Wilmington businesses experienced a bankruptcy boom in 2020, and they could once again

WILMINGTON – Although COVID-19 has caused widespread financial hardship for many businesses across the country and the world, it has conversely led to a deposit boom for Wilmington’s many law firms.
As the center of most American businesses, the city’s legal scene has long depended on a tripod of business services, bankruptcy, and intellectual property. Wilmington State Chancellery court and federal Bankruptcy court and the district court generally ranks among the busiest courthouses in the country, as high-profile business cases are heard.
However, few people probably expected the bankruptcy explosion that occurred last year.

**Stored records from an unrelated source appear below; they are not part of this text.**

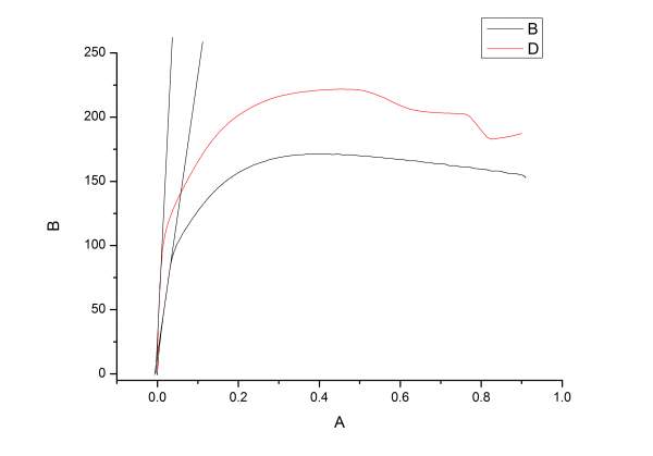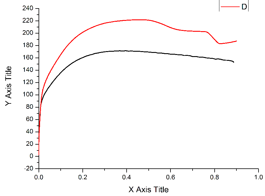 如图,由于设备原因,同种材料的弹性斜率不同。弹性模量只跟材料有关,所以想把弹性斜率较大的曲线进行修正,使其弹性区的斜率与曲线D相同,而弹性区后面的数据不发生改变!不知各位有什么好的办法,收到修正太慢,效率太低!附原始数据,望各位大神赐教! Graph1.jpg |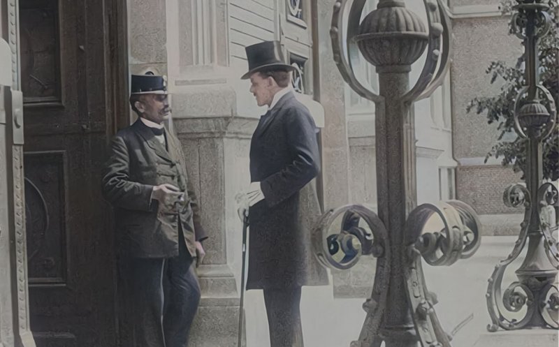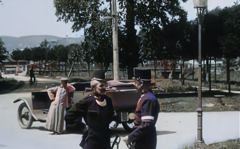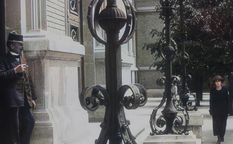 "Clujul ca in filme, in 1910: Universitatea si Parcul Central / podul Elisabeta. Cele mai vechi secvente video din Cluj sunt, aproape sigur, cele din filmele realizate sub conducerea (si finantarea) lui Janovics Jenő din anii 1910. Printre altii, directorul Casablanca Michael Curtiz au realizat filme in acea perioada la Cluj. Fotografiile sunt preluate din filmele lor (prelucrate si colorizate)'', scrie András Vajda.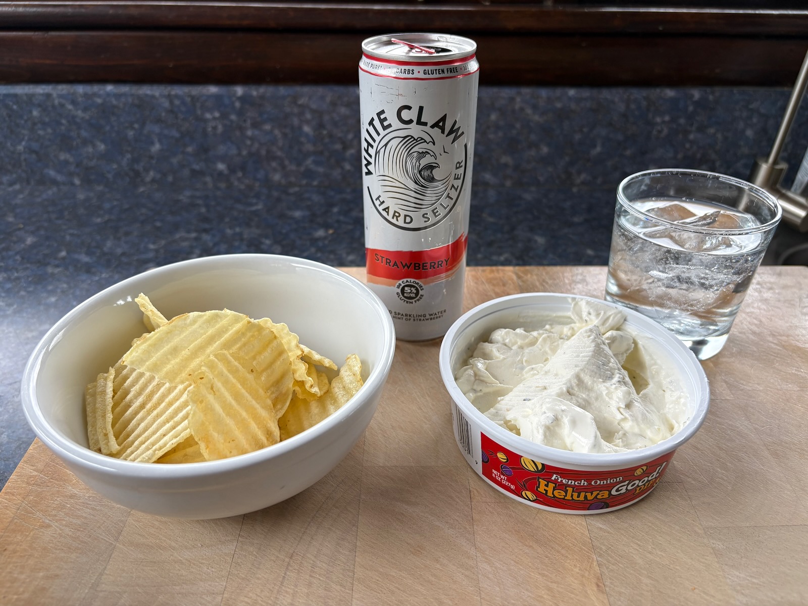 Snack: 1.0 oz. Wavy Lays potato chips with French onion dip. White Claw strawberry.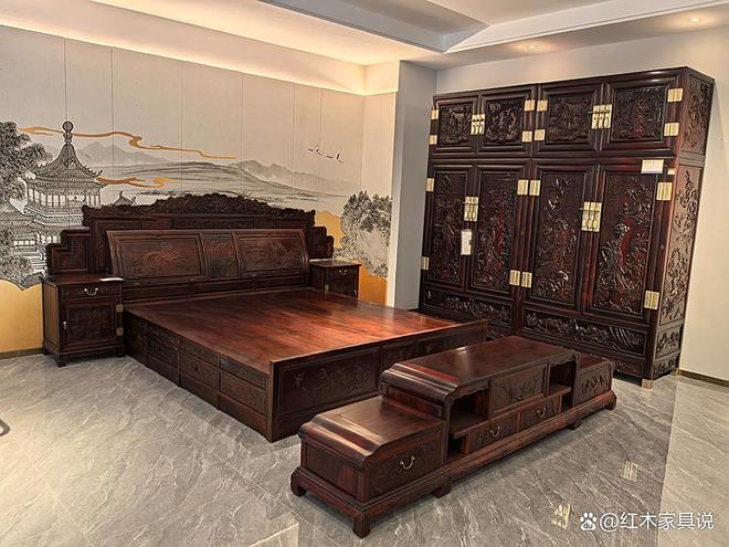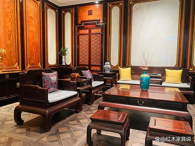 御乾堂专注高端红木整装,选用名贵木材如大红酸枝,结合传统榫卯工艺,提供私人定制服务,强调收藏与实用并存。

Delaware Chapter 11 court business cases, or companies looking to restructure debt rather than sell assets, have grown from 613 in 2019 to 1,666 last year, by far the most of any court federal bankruptcies. It has also seen its share of so-called âmega cases,â or those involving at least $ 100 million or 1,000 creditors, hit a record 98 last year.

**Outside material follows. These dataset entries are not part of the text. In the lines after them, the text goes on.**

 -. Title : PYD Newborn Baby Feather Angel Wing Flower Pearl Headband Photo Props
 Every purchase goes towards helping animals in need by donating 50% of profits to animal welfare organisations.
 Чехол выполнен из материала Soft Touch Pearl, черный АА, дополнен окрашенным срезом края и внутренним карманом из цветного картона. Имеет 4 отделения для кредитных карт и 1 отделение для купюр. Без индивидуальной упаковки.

These dramatic increases in the number of cases also led to the highest weighted caseload for court judges at 2,912 last year – the national average was 618. To help shoulder that burden, two new judges Federal bankruptcy officials – J. Kate Stickles and Craig Goldblatt – were added to the bench in April, filling vacancies left in recent years.

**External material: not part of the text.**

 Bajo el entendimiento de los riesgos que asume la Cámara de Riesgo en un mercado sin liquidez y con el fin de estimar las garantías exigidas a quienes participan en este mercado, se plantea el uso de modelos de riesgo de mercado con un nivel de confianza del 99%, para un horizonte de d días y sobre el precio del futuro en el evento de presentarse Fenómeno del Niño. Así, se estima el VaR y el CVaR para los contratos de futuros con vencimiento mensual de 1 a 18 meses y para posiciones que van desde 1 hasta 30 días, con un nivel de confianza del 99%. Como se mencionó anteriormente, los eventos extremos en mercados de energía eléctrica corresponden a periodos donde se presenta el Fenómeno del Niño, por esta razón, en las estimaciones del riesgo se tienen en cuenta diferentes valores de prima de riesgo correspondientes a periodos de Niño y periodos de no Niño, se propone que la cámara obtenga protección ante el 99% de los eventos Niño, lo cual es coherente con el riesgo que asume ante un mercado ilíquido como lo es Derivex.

Filings slowed in the first half of 2021, with 381 business chapters 11 filed in Delaware, but it still ranks second in the country behind the rapidly growing South District Texas court.
Warren Martin Jr., co-chair of the bankruptcy and financial restructuring practice of Porzio, Bromberg & Newman which opened an office in Wilmington last summer amid the increase in the number of cases, said he believed Another flurry of cases could arise in a somewhat counterintuitive fashion as the economy recovers.
âYou don’t want to file for bankruptcy when you slide into the abyss because to get out of bankruptcy you want to have a plan to pay your creditors. If things get worse, now is not the right time to try to convince the court and the creditors, âhe said, noting that the pandemic had likely covered many risky companies last year to restructure their businesses. debt.
Martin said his company is currently seeing bankruptcy cases filed for healthcare entities, mining and metallurgical companies, and traditional retailers, among other industries. Porzio plans to hire more lawyers in Wilmington to help with a growing workload, he added.